A few weeks later they called me to tell me they were going in another direction.  I knew they were but I was still crushed.  I watched 3 horse races between Mid April and October of that year and all 3 were won by American Pharoah.  I was really bitter about the whole situation.  I was gonna hate whoever they hired so I never even asked who they went with.  I was off social media and kind of just kept to myself for a few months.  I drove Uber full time and watched Mariners games in the evening.

But I learned some things that summer that have honestly served me well.  First of all I learned about entitlement.  I always just assumed I would step into that job at Emerald when Robert left.  For years I was their go to backup.  Everyone there knew I wanted it.  I was gonna get the job and call there for the rest of my career.  And when I didn’t get it I honestly just gave up on announcing.  What was the point?  I responded like any entitled, spoiled asshole would.  I took my ball and went home. Just cause I wanted something doesn’t mean it was owed to me.  I applied for a job and I didn’t get it.  It happens to EVERYONE.
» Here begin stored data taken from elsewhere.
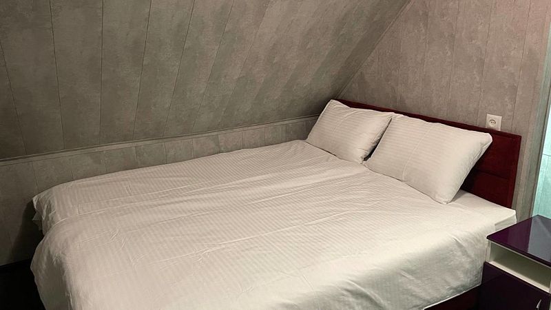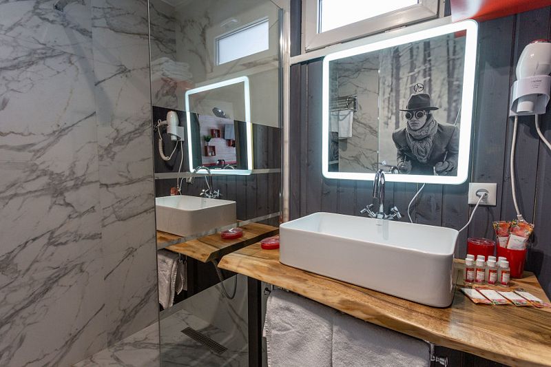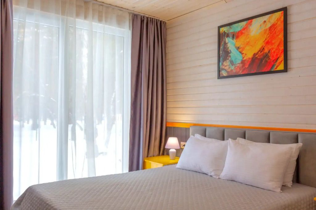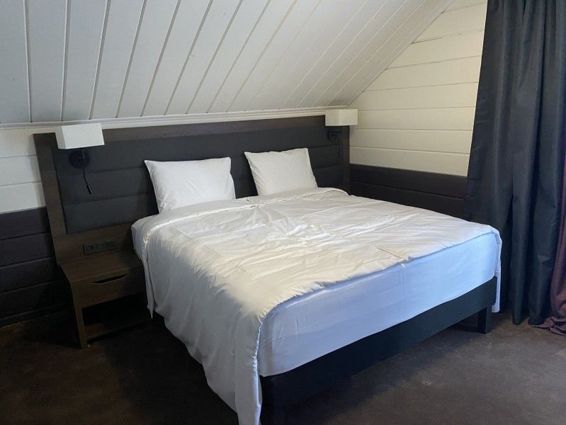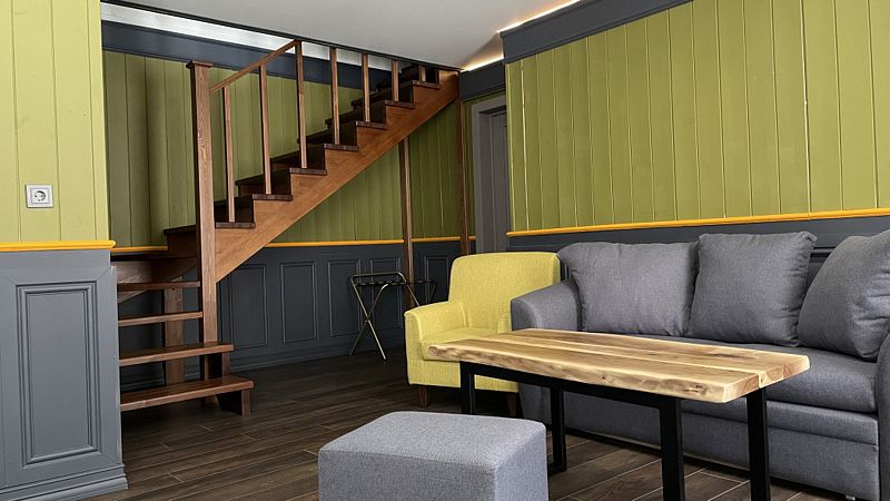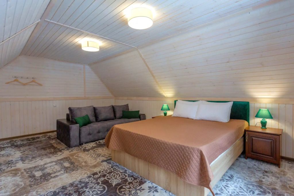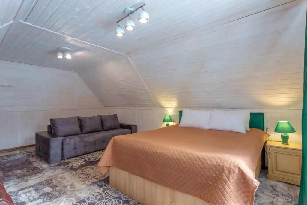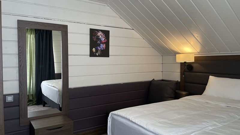 На втором этаже здания находятся две изолированные дизайнерские спальни, с огромными кроватями размера King size, часть которых делится на две отдельные постели, и мягкой софой, являющейся дополнительным местом размещения. Через панорамные окна видно горы и лес, а ночью из постели можно наблюдать за звездным небом. Также на втором этаже есть дополнительный санузел, с просторной душевой кабиной, оснащенный полным комплектом текстиля и косметики.
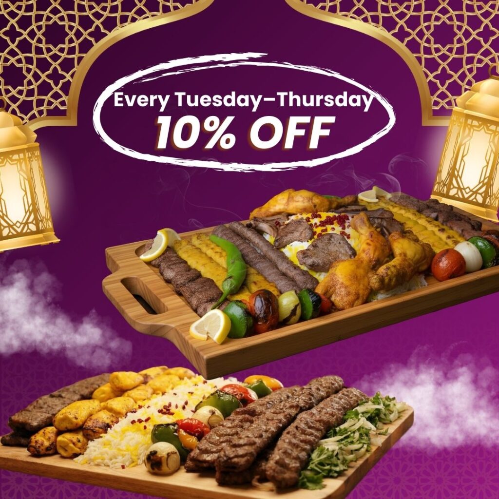 Enjoy 10% OFF Ramadan Family & Catering Packages every Tuesday to Thursday during Ramadan. This limited-time promotion makes weekday Iftar planning easier while maintaining the same premium quality and halal standards.
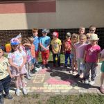 31.05 w naszej grupie odbył się Dzień Kolorowy dzieci bawiły się w zabawy z wykorzystaniem chusty animacyjnej, odgadywały zagadki o kolorach, a także ozdabiały kreda chodnik przedszkolny dzięki temu stał się on ,,piękny i kolorowy” na zakończenie przedszkolaki otrzymały dyplom.
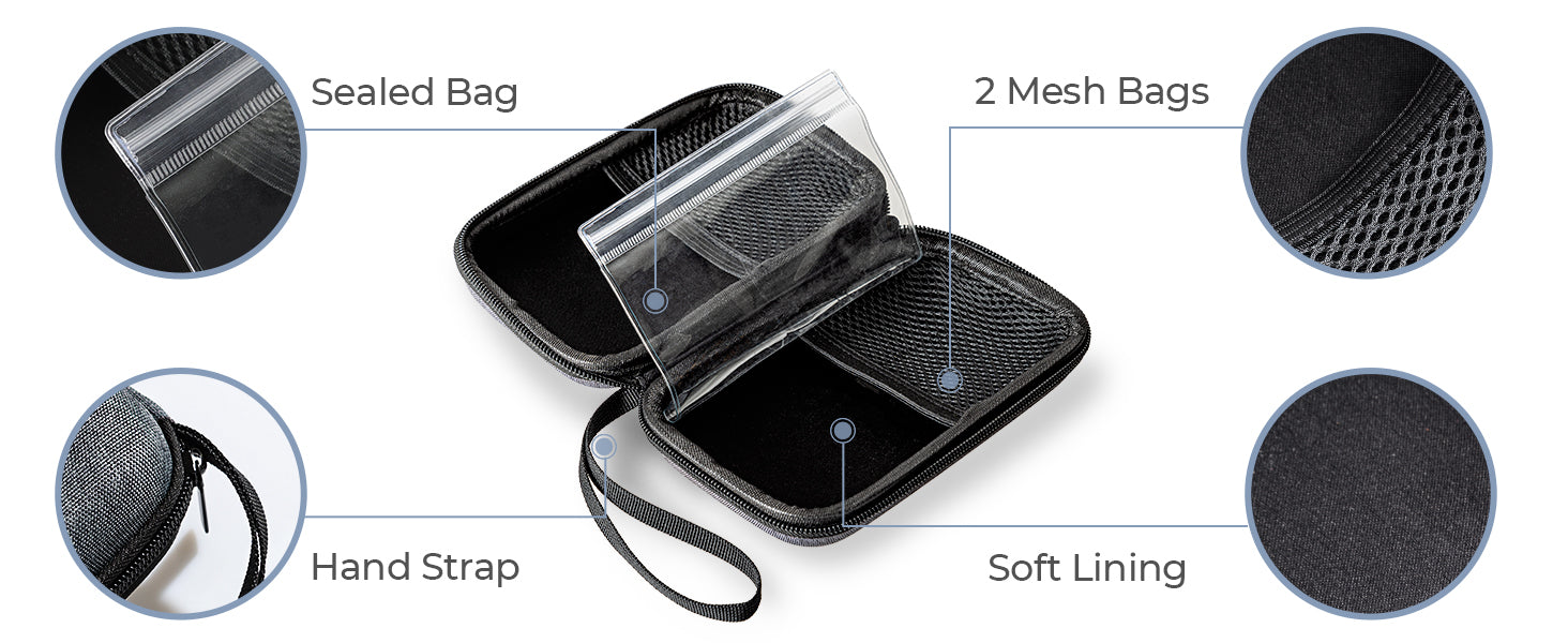 - Practical Design. The travel case is designed with 3 sections (2 mesh bags, 1 sealed bag) to keep all items well organized and messy no more. The 2 mesh bags have an elastic band which is durable and won't break easily, also the heavy-duty zipper is smooth for quick access.
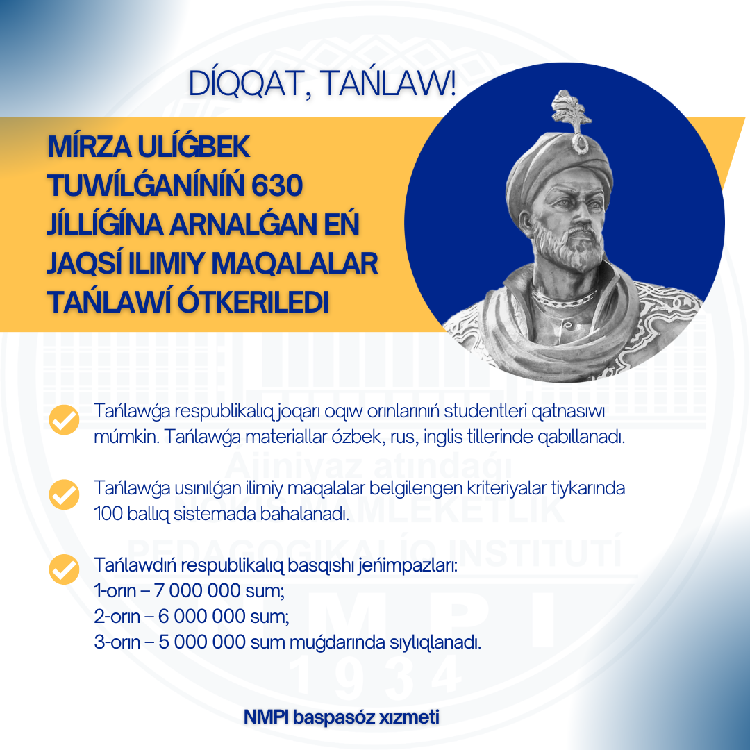 Ózbekstan Respublikası Prezidentiniń «Ullı enciklopedist alım hám belgili mámleketlik ǵayratker Mırza Ulıǵbek tuwılǵanınıń 630 jıllıǵın keń túrde belgilew haqqında»ǵı qararı tiykarında Ájiniyaz atındaǵı Nókis mámleketlik pedagogikalıq institutında «Mırza Ulıǵbektiń ómiri hám ilimiy-aǵartıwshılıq miyrasın úyreniwge arnalǵan eń jaqsı ilimiy maqalalar» tańlawı shólkemlestirilmekte.
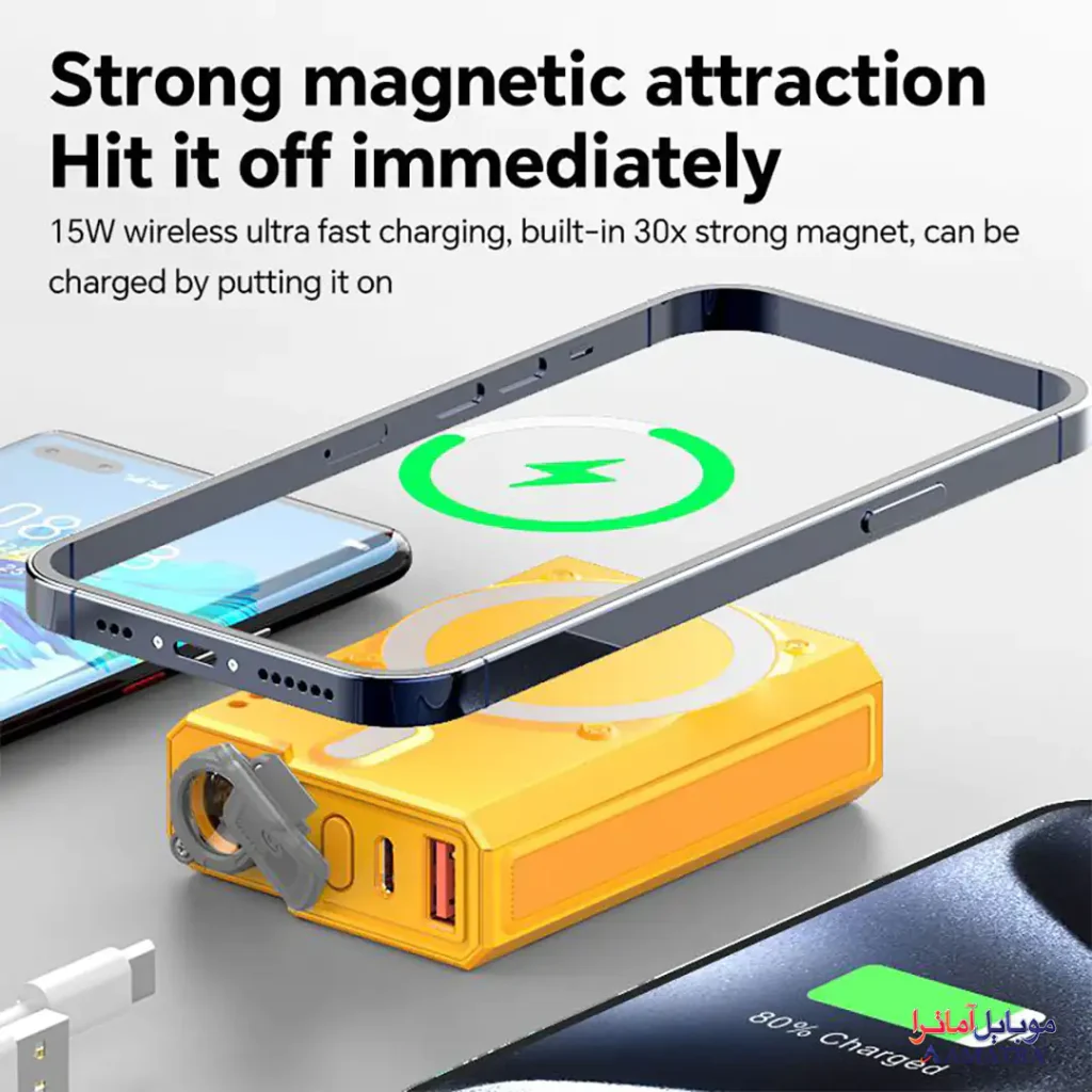 - شارژ سریع بدون نیاز به کابل، فقط کافیست گوشی را روی پاوربانک قرار دهید
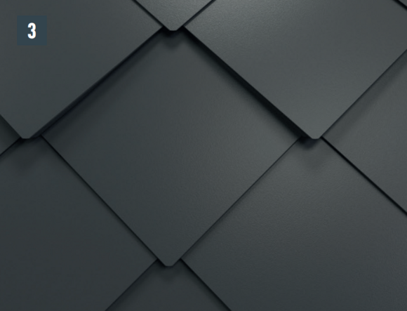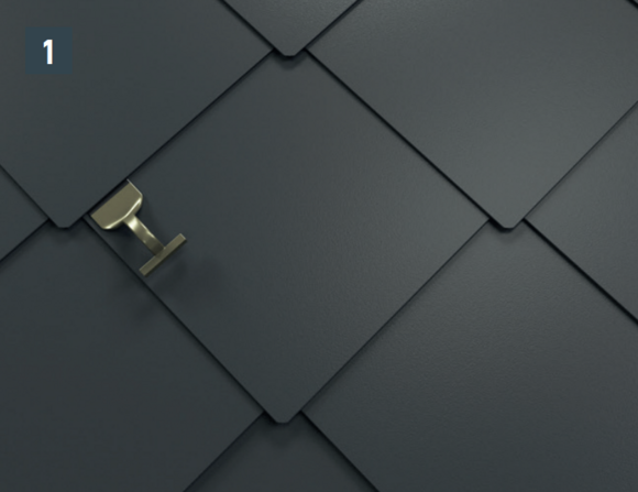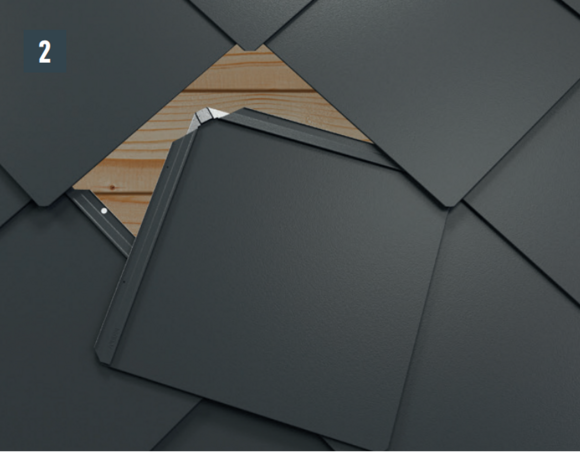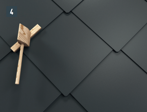 • Otworzyć lekko rąbek zaczepowy rombu elewacyjnego 44 × 44, wsunąć go do góry i zamocować (rys. 3).

I also learned about bitterness.  It got me nowhere.  I was mopey about not getting my way and bitter about the future and everything.  And my nature isn’t to be bitter.  I’ve always prided myself on not being a jealous type and have always felt genuine happiness when friends or even strangers found success.  So why was I now acting the opposite of that?

So fast forward to last May, 2016.  I was five months into a new job with a new company that had honestly rekindled my passion for racing.  So one day I finally decided to put those old feelings aside and I went and sat at the eighth pole on a picnic bench at Emerald and watched a days races.  It was amazing.  I was happy about being there.  My expectations of it being a bummer were totally wrong.  It was Emerald Downs.  I could still love it.  I listened to the new announcer Matt Dinerman call the races and he did wonderfully.  I thought to myself “If I was 23 and in my first full year of calling at a track, would I be this smooth and composed.”  Hell no.  I honestly felt a sense of pride towards Matt.  He was a young racecaller, as I once was.  He should have my undying support, not my petty bitterness.  Matt has done himself and Emerald EXTREMELY proud with his work there so far.  I can even honestly, no bullshit, no sappy blog writing, say that they made the right decision.

I started going to Emerald each Sunday, parking myself out near the eighth pole away from the crowds.  And each passing week I just enjoyed it more and more.  There’s something remarkably peaceful about watching a race by the head of the stretch by yourself.  When they turn for home and you hear the jockeys screaming, the horses hooves thundering, and nothing else.  It’s my favorite place to watch a race.   So Sunday afternoon, you’ll see a large portly gentleman down at the eighth pole watching.  I’ll be happy.  I promise.